# EXERCISE DETAILS:
Wherever the line with "Hanukkah Menorah is" sits in the listing below, transcribe from it up to and including the line with "フロントブレーキディスクは2", exactly, and leave the remaining lines out.

# LISTED ENTRIES:
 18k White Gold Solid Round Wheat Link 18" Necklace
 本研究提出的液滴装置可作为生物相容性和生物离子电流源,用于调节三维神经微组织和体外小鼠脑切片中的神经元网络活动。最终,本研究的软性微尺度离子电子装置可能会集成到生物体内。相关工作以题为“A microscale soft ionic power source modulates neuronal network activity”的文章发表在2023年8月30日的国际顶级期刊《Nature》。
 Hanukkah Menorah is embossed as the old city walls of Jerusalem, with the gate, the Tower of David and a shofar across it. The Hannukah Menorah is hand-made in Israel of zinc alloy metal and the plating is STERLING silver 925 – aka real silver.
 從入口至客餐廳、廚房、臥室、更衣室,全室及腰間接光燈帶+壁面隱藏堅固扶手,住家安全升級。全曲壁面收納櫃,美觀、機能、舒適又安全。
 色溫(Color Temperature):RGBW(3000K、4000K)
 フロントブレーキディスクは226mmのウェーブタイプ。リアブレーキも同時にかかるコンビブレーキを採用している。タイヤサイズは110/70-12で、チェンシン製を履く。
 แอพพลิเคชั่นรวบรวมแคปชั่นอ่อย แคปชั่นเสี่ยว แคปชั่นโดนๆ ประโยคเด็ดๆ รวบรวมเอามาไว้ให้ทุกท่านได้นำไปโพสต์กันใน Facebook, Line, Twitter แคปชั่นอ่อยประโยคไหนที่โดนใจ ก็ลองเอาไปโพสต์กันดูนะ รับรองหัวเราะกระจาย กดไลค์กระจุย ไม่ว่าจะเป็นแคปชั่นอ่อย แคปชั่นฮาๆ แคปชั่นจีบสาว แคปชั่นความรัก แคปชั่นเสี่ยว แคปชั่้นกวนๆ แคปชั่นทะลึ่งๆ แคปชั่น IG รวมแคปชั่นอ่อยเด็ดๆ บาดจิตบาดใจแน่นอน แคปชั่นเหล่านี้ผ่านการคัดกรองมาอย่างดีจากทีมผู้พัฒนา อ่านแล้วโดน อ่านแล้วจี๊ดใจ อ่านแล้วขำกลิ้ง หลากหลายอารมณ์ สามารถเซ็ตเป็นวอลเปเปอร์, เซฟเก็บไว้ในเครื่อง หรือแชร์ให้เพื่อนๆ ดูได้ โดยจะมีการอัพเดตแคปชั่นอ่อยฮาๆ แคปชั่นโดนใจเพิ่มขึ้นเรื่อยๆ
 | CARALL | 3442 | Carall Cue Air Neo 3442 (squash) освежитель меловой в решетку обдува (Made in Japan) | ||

# EXPECTED ANSWER:
 Hanukkah Menorah is embossed as the old city walls of Jerusalem, with the gate, the Tower of David and a shofar across it. The Hannukah Menorah is hand-made in Israel of zinc alloy metal and the plating is STERLING silver 925 – aka real silver.
 從入口至客餐廳、廚房、臥室、更衣室,全室及腰間接光燈帶+壁面隱藏堅固扶手,住家安全升級。全曲壁面收納櫃,美觀、機能、舒適又安全。
 色溫(Color Temperature):RGBW(3000K、4000K)
 フロントブレーキディスクは226mmのウェーブタイプ。リアブレーキも同時にかかるコンビブレーキを採用している。タイヤサイズは110/70-12で、チェンシン製を履く。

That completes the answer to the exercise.